THE RECORDS:
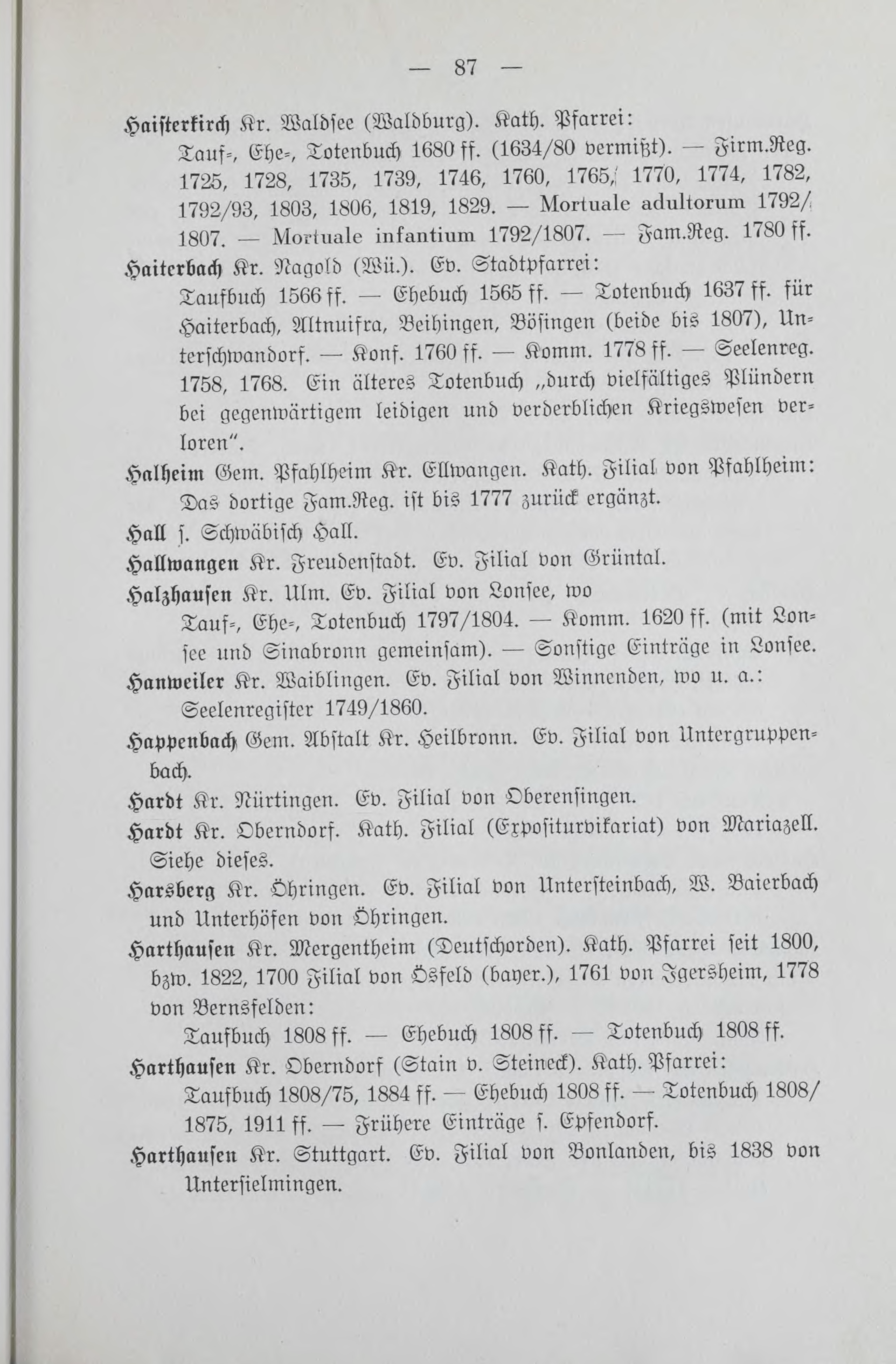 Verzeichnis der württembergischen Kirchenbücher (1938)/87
* * *
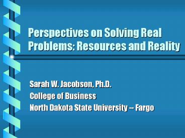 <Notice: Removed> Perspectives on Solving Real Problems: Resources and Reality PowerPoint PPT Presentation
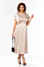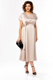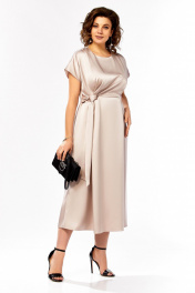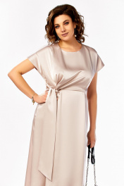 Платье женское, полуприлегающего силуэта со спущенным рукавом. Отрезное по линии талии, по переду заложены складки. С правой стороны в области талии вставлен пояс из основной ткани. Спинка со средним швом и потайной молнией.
...
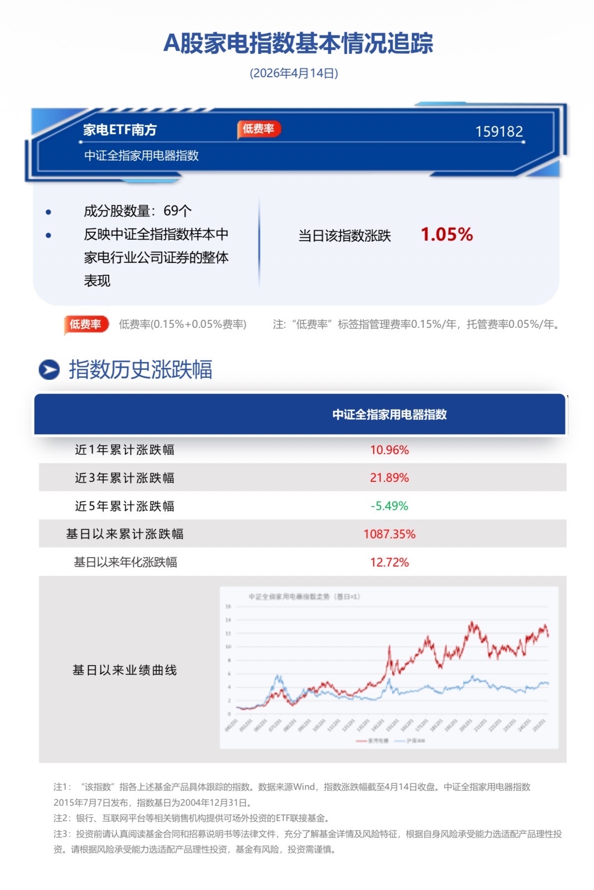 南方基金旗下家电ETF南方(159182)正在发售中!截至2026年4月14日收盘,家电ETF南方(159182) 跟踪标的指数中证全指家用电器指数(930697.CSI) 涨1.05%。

WORK REQUIRED: Word for word, retype the lines in the entries above that run from the one with "<Notice: Removed> Perspectives" through the one with "Платье женское, полуприлегающего". Both ends count; pictures do not.

RESULT:
 <Notice: Removed> Perspectives on Solving Real Problems: Resources and Reality PowerPoint PPT Presentation
 Платье женское, полуприлегающего силуэта со спущенным рукавом. Отрезное по линии талии, по переду заложены складки. С правой стороны в области талии вставлен пояс из основной ткани. Спинка со средним швом и потайной молнией.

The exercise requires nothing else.